▶ _TASK PROMPT_: Your output consists solely of the lines from the one that contains "پاور بانک باسئوس" to the end of the material, each reproduced exactly; pictures do not belong in it.

+---+

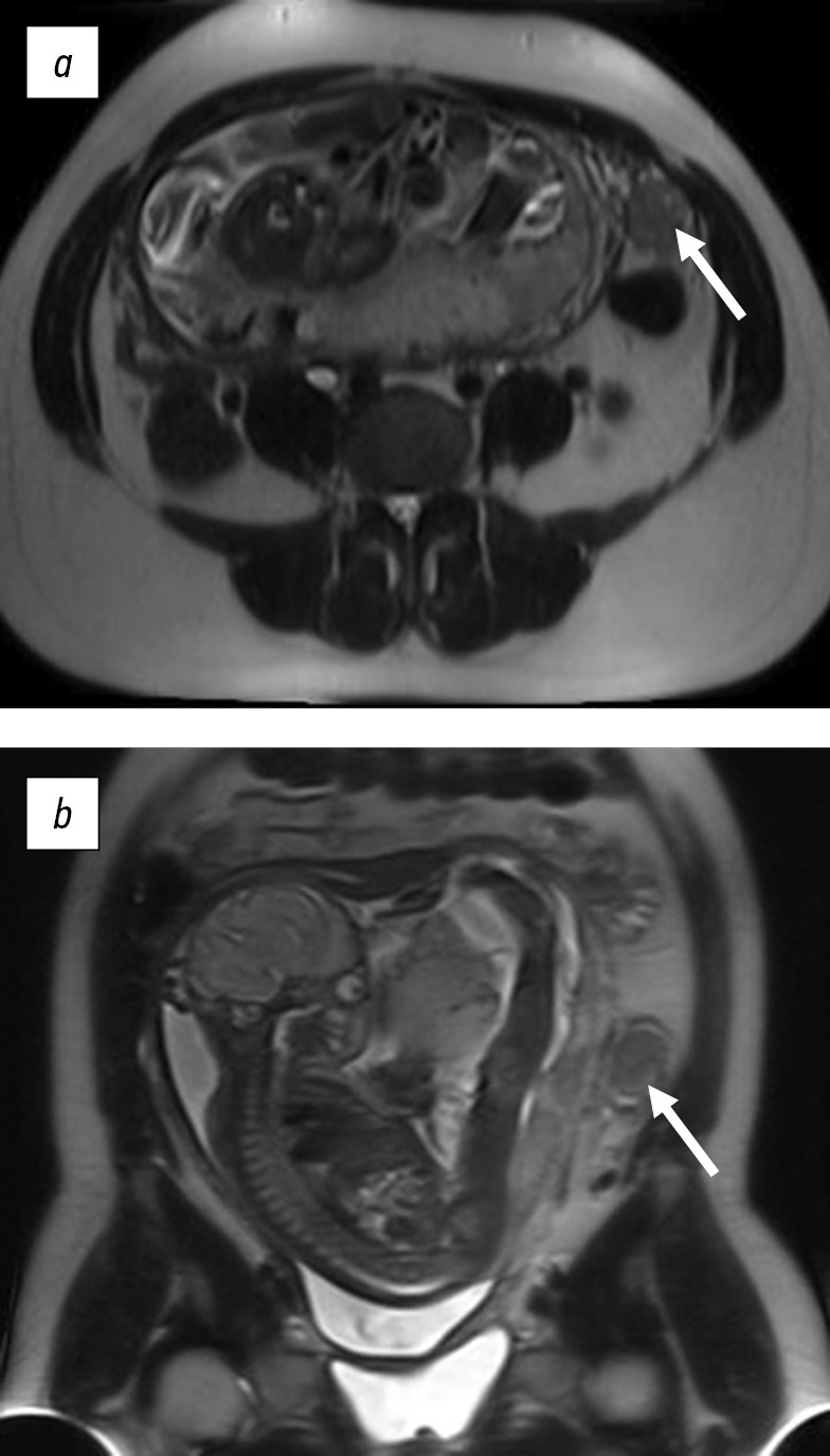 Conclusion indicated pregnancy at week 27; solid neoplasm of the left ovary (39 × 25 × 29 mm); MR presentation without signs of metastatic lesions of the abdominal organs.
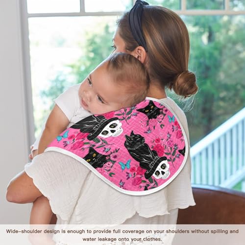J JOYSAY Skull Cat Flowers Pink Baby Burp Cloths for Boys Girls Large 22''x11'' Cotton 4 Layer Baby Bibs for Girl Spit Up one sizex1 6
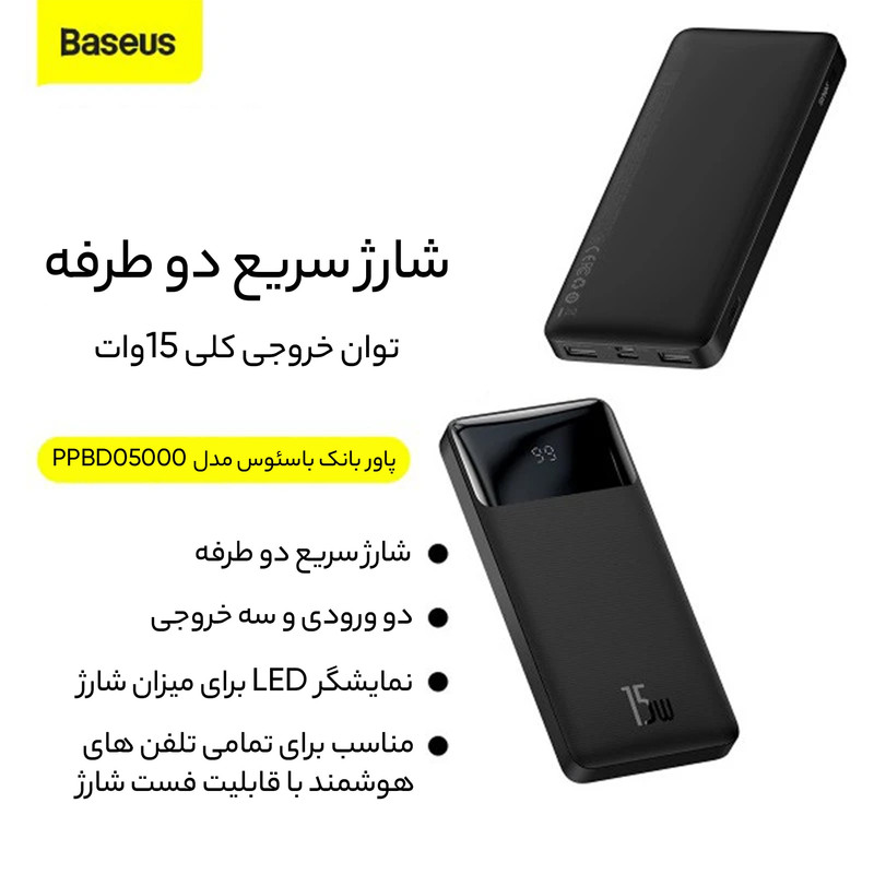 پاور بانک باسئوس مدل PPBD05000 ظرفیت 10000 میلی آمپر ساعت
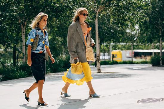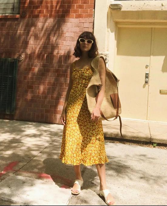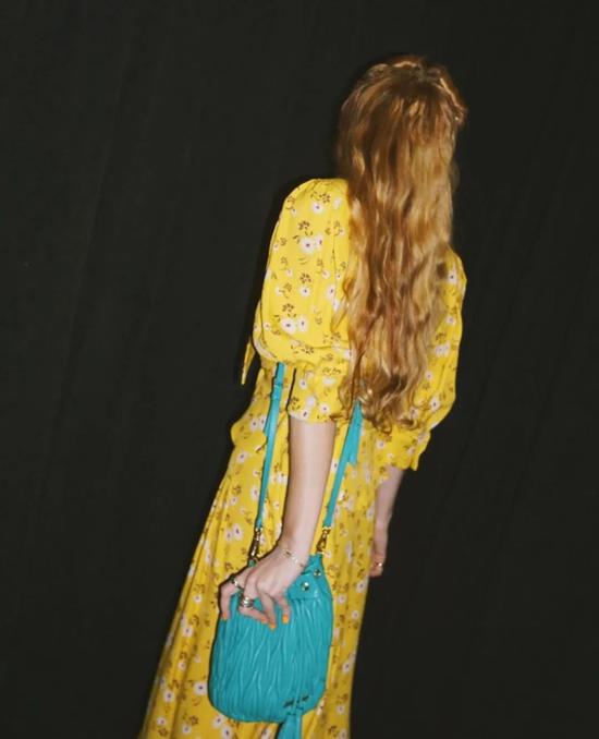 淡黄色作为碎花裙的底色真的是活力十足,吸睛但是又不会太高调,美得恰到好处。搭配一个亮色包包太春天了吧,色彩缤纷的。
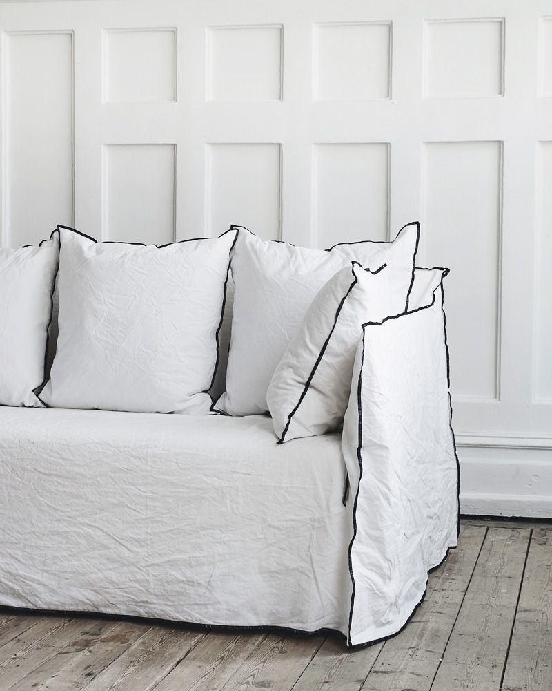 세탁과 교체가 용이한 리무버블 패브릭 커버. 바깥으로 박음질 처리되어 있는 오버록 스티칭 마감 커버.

+---+

▶ _SOLUTION TO THIS TASK_:
 پاور بانک باسئوس مدل PPBD05000 ظرفیت 10000 میلی آمپر ساعت
 淡黄色作为碎花裙的底色真的是活力十足,吸睛但是又不会太高调,美得恰到好处。搭配一个亮色包包太春天了吧,色彩缤纷的。
 세탁과 교체가 용이한 리무버블 패브릭 커버. 바깥으로 박음질 처리되어 있는 오버록 스티칭 마감 커버.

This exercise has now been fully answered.